» Data listing:
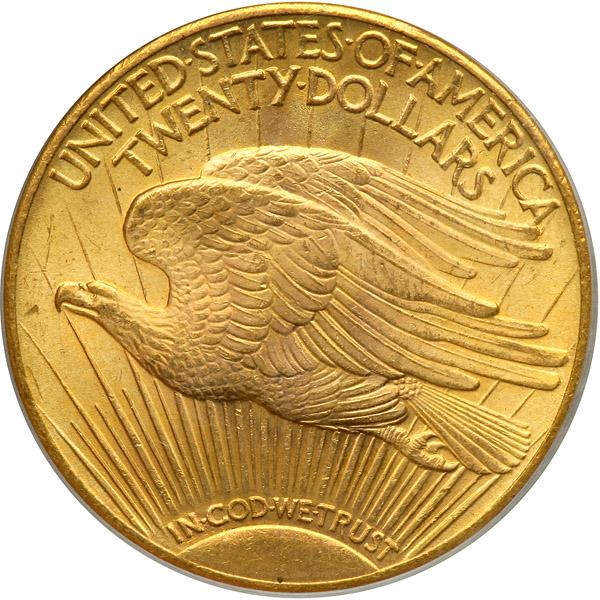 1927 $20 St. Gaudens. PCGS graded MS-66. Lovely rich golden mint color, the luster booming! The surfaces are radiant and each side has a nice veneer of golden patina that whips and tosses as it alternates between lighter and darker shades. Most coins of this date are extremely well struck; some are a little better than others; and collectors, true to their tradition, wish that all could be like this impressive MS66 Saint exhibiting fine detail to all the high points (PCGS # 9186) .
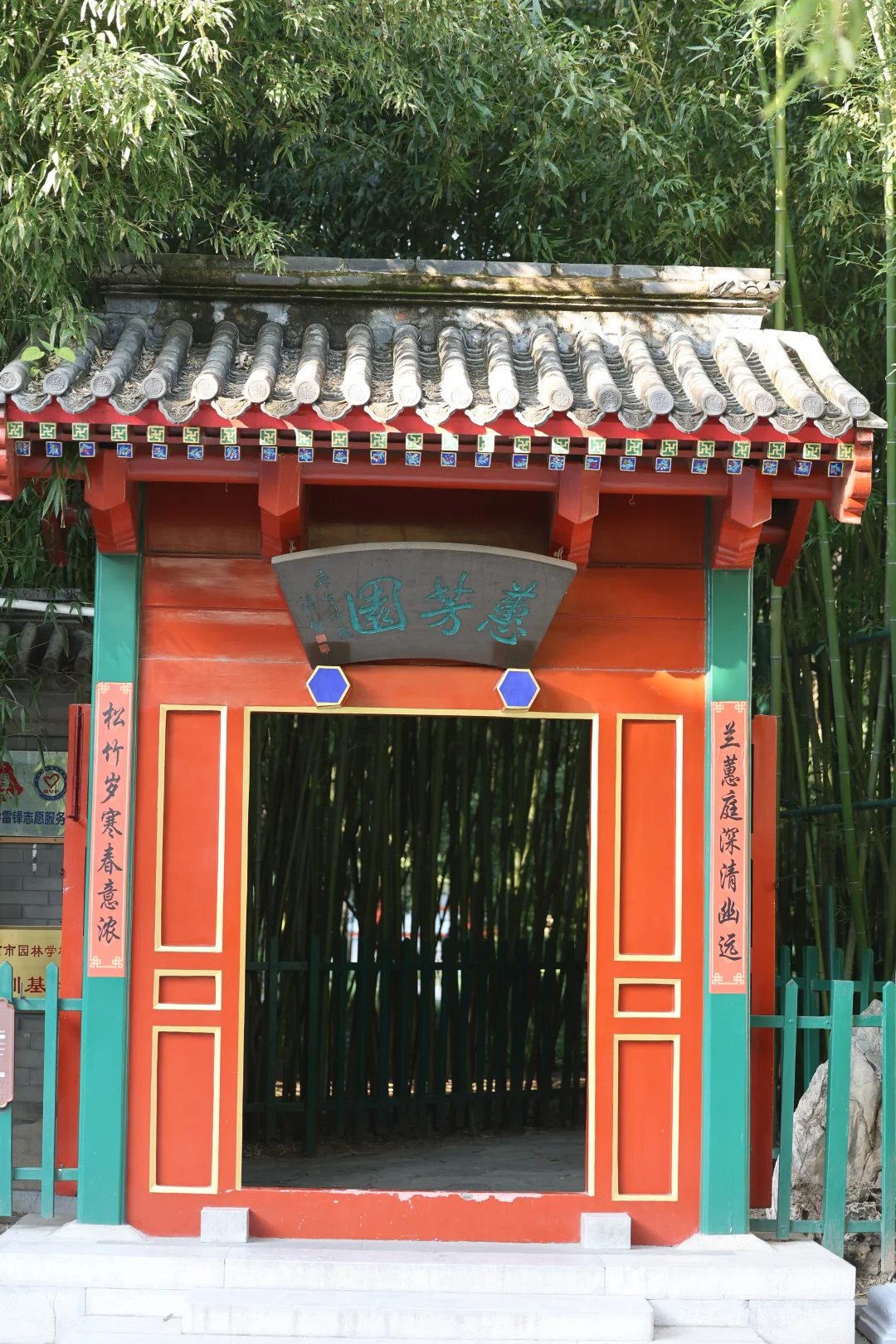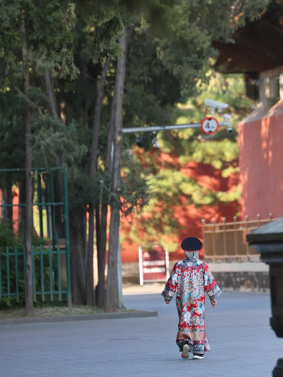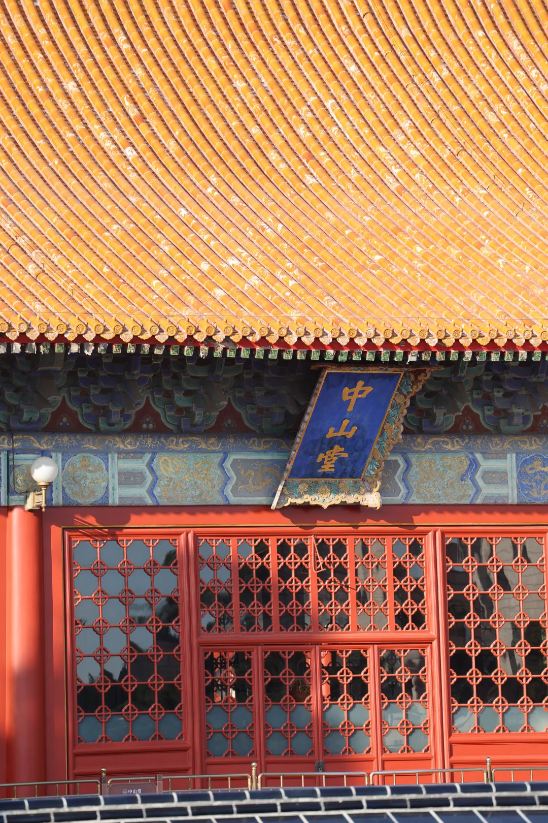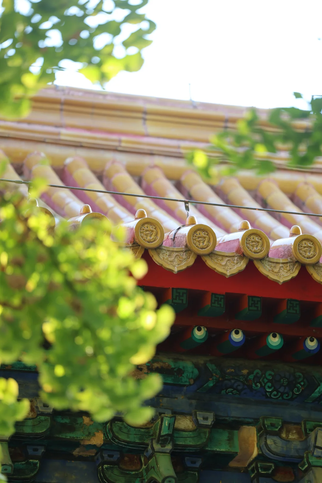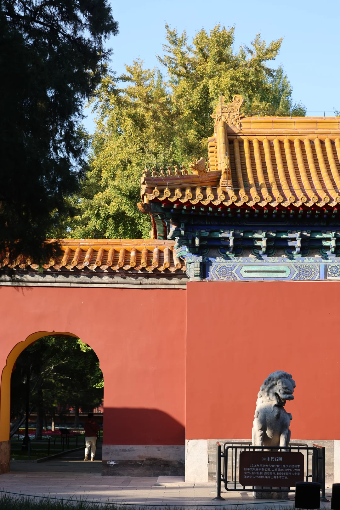 在阳光下,银杏配红墙/门,还可以
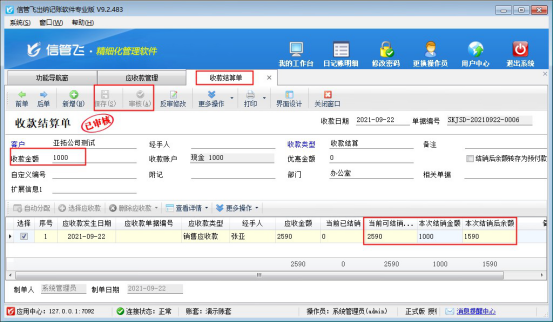 審核收款結算單后,返回至應收款管理界面,點擊“查詢”刷新,可看到結銷狀態由“未結銷”變為“部分結銷”,對應的已結銷金額變為1000元,未結銷金額為剩余的1590元,如下圖所示:
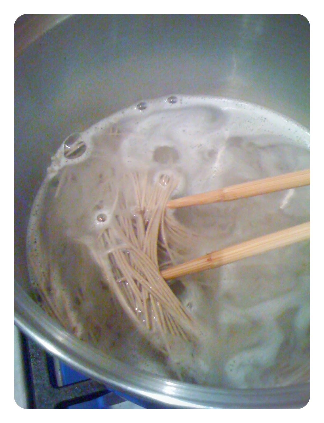 Bring the water to boil: add the soba, stir gently. When the water starts to froth add half a cup of cold water and lower the heat. Do this three times. After the third time your soba should be ready. Drain and collect the cooking water to make soup, if you like (full of starch and vitamins and minerals) and place the soba in a bowl with ice water. Or just rinse under cold water (I prefer this way, the soba may not be perfect but I cannot bear to loose anymore starch!
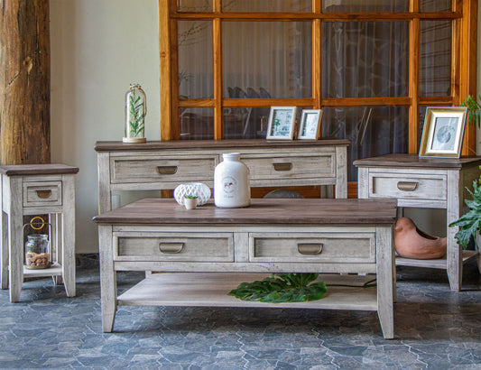 Sahara - 2 Drawers Sofa Table - Light Cream / Brown Caramel
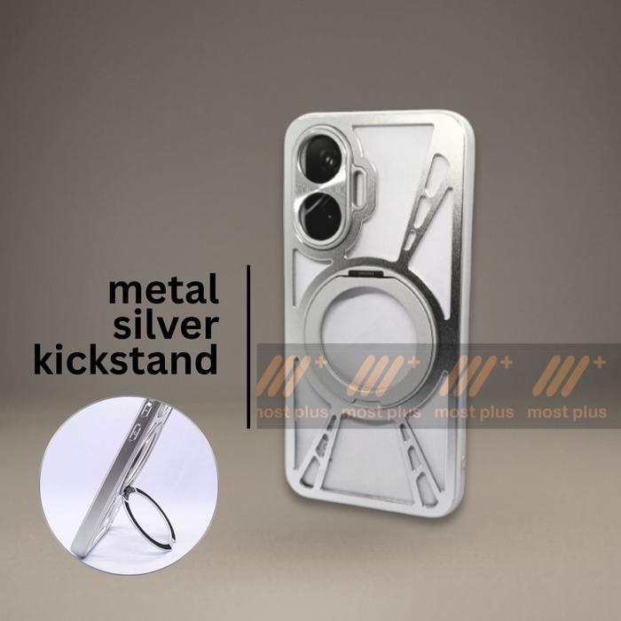 [Star] CASING for POCO F7 5G ARMOR HYBRID MAGNET KICKSTAND CASE COVER for XIAOMI POCO F 7 5G - METAL SILVER KICKSTAND
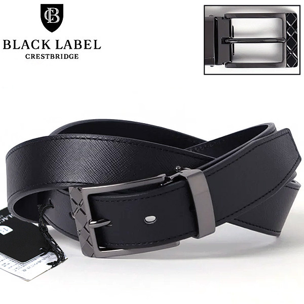 定価 24,200円 新品 BLACK LABEL CRESTBRIDGE シャドーチェック ブラックメタルバックル エンボスレザー ベルト 465-09

» What this task involves: Leave every image out, and retype the material exactly.

» Output of the task:
 1927 $20 St. Gaudens. PCGS graded MS-66. Lovely rich golden mint color, the luster booming! The surfaces are radiant and each side has a nice veneer of golden patina that whips and tosses as it alternates between lighter and darker shades. Most coins of this date are extremely well struck; some are a little better than others; and collectors, true to their tradition, wish that all could be like this impressive MS66 Saint exhibiting fine detail to all the high points (PCGS # 9186) .
 在阳光下,银杏配红墙/门,还可以
 審核收款結算單后,返回至應收款管理界面,點擊“查詢”刷新,可看到結銷狀態由“未結銷”變為“部分結銷”,對應的已結銷金額變為1000元,未結銷金額為剩余的1590元,如下圖所示:
 Bring the water to boil: add the soba, stir gently. When the water starts to froth add half a cup of cold water and lower the heat. Do this three times. After the third time your soba should be ready. Drain and collect the cooking water to make soup, if you like (full of starch and vitamins and minerals) and place the soba in a bowl with ice water. Or just rinse under cold water (I prefer this way, the soba may not be perfect but I cannot bear to loose anymore starch!
 Sahara - 2 Drawers Sofa Table - Light Cream / Brown Caramel
 [Star] CASING for POCO F7 5G ARMOR HYBRID MAGNET KICKSTAND CASE COVER for XIAOMI POCO F 7 5G - METAL SILVER KICKSTAND
 定価 24,200円 新品 BLACK LABEL CRESTBRIDGE シャドーチェック ブラックメタルバックル エンボスレザー ベルト 465-09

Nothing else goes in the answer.